Please repeat, precisely as written, only the lines from the one containing "Svaki od njegovih" through the last line of the records below, pictures omitted.
******************************
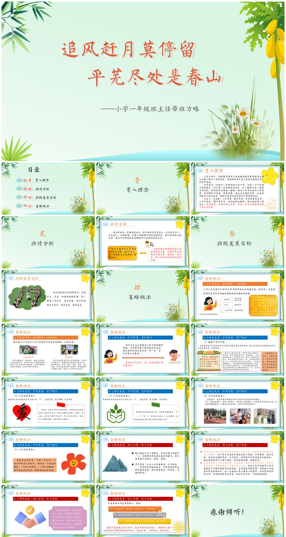 小学一年级班主任带班方略工作经验交流《追星赶月莫停留,平芜尽处是春风》PPT课件(含发言稿)
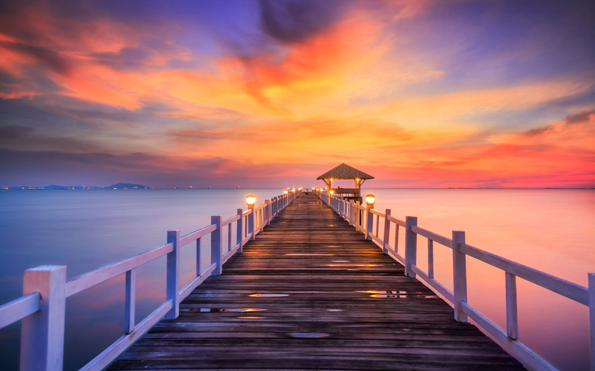 Ljuddämpande tavla – Sunset over the pier för lugnare rum och mjukare akustik
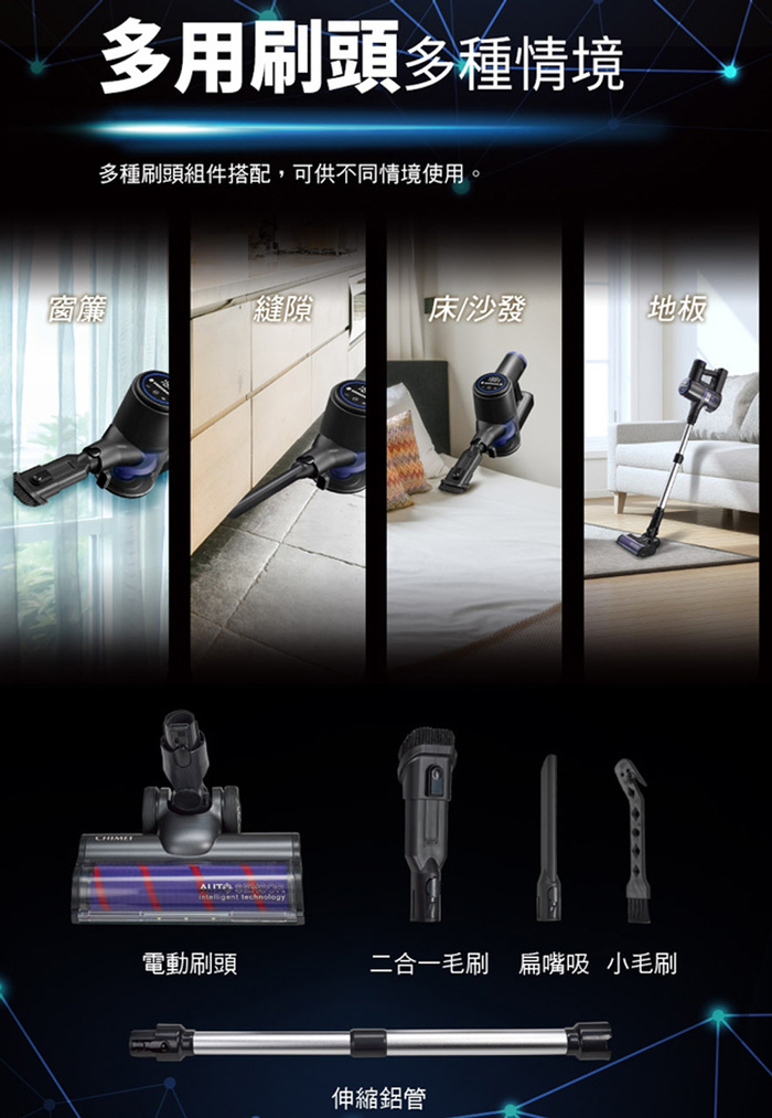 ‧【使用壽命長】採用DC無刷馬達吸力更強勁,使用壽命更長
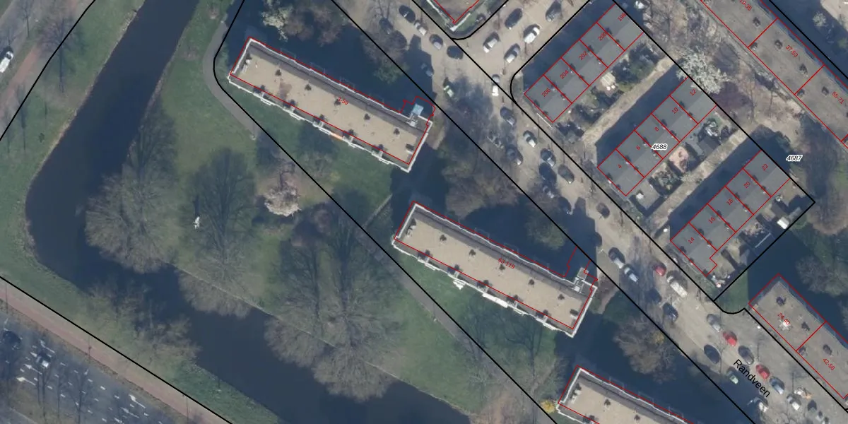 Het perceel waarop Randveen 107 staat heeft een oppervlakte van 9564 m². Dit is een zeer groot perceel. De perceeloppervlakte wordt geregistreerd door het Kadaster. Gedetailleerde informatie over de maten van dit perceel kunt u vinden in het rapport Kadastrale kaart met maatvoering van Randveen 107.
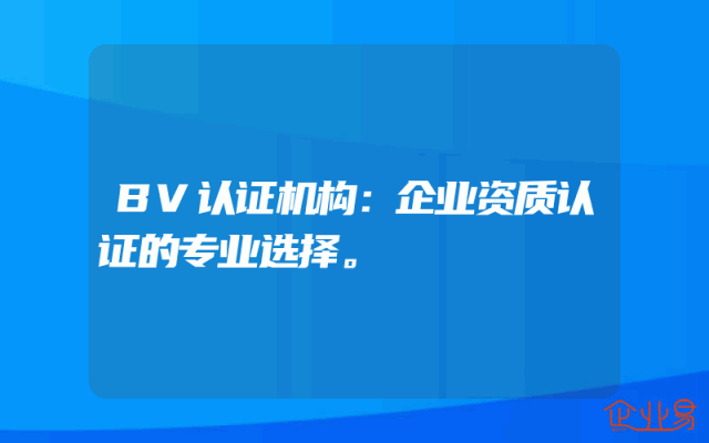 - BV认证机构:企业资质认证的专业选择一、BV认证机构简介随着市场经济的发展,企业间的竞争加剧,拥有专业的资质认证成为了企业赢得信任和优势的关键。在这个背景下,BV认证机构凭借其公正、权威的特点,成为了众多企业寻求资质认证的首选机构。《p》B
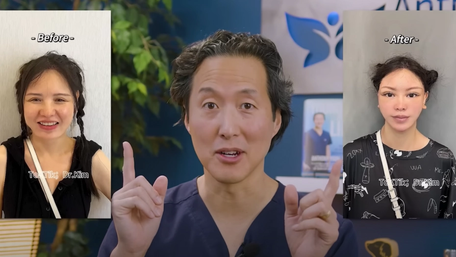 Svaki od njegovih video snimaka prikazuje fotografije pacijenta pre i posle procedure, obično zatezanja lica i kapaka. Zatezanje lica, koje često košta više od 10.000 evra, podiže i povlači kožu na licu kako bi izgledalo zategnutije i glađe. Međutim, rad dr Kim stvara ljude sa širim kapcima, rastegnutim licima i isklesanim vilicama."
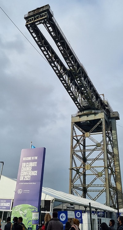 - Entrance to COP26 Blue Zone plus crane from the historic docks in Glasgow
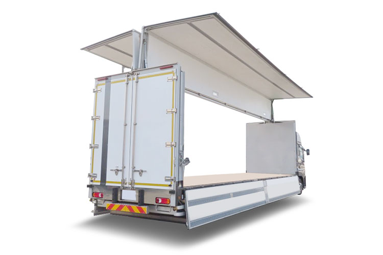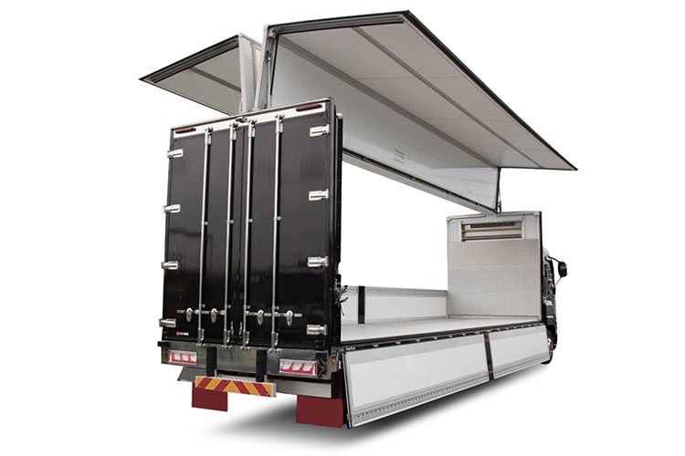 - Die Flügeltüren können manuell oder über ein hydraulisches System betätigt werden, wodurch sie insbesondere bei größeren Lkw einfach zu bedienen sind.
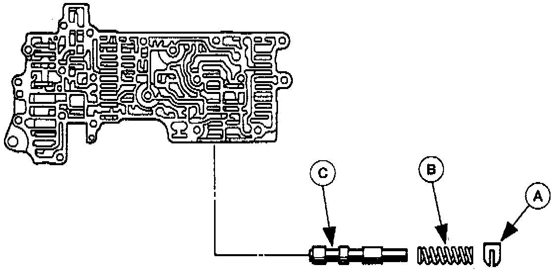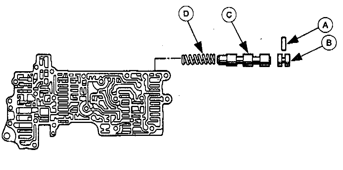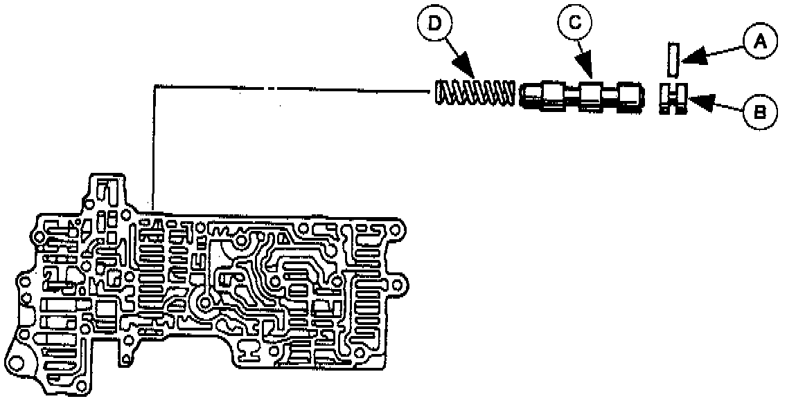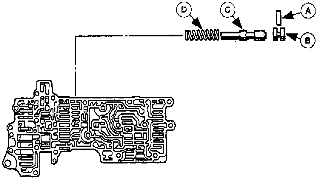 2. Remove the (A) stop pin, (B) stop plug, (C) 1-2 shift valve, and the (D) 1-2 shift valve spring.
******************************
▶ TASK RESPONSE:
 Svaki od njegovih video snimaka prikazuje fotografije pacijenta pre i posle procedure, obično zatezanja lica i kapaka. Zatezanje lica, koje često košta više od 10.000 evra, podiže i povlači kožu na licu kako bi izgledalo zategnutije i glađe. Međutim, rad dr Kim stvara ljude sa širim kapcima, rastegnutim licima i isklesanim vilicama."
 - Entrance to COP26 Blue Zone plus crane from the historic docks in Glasgow
 - Die Flügeltüren können manuell oder über ein hydraulisches System betätigt werden, wodurch sie insbesondere bei größeren Lkw einfach zu bedienen sind.
 2. Remove the (A) stop pin, (B) stop plug, (C) 1-2 shift valve, and the (D) 1-2 shift valve spring.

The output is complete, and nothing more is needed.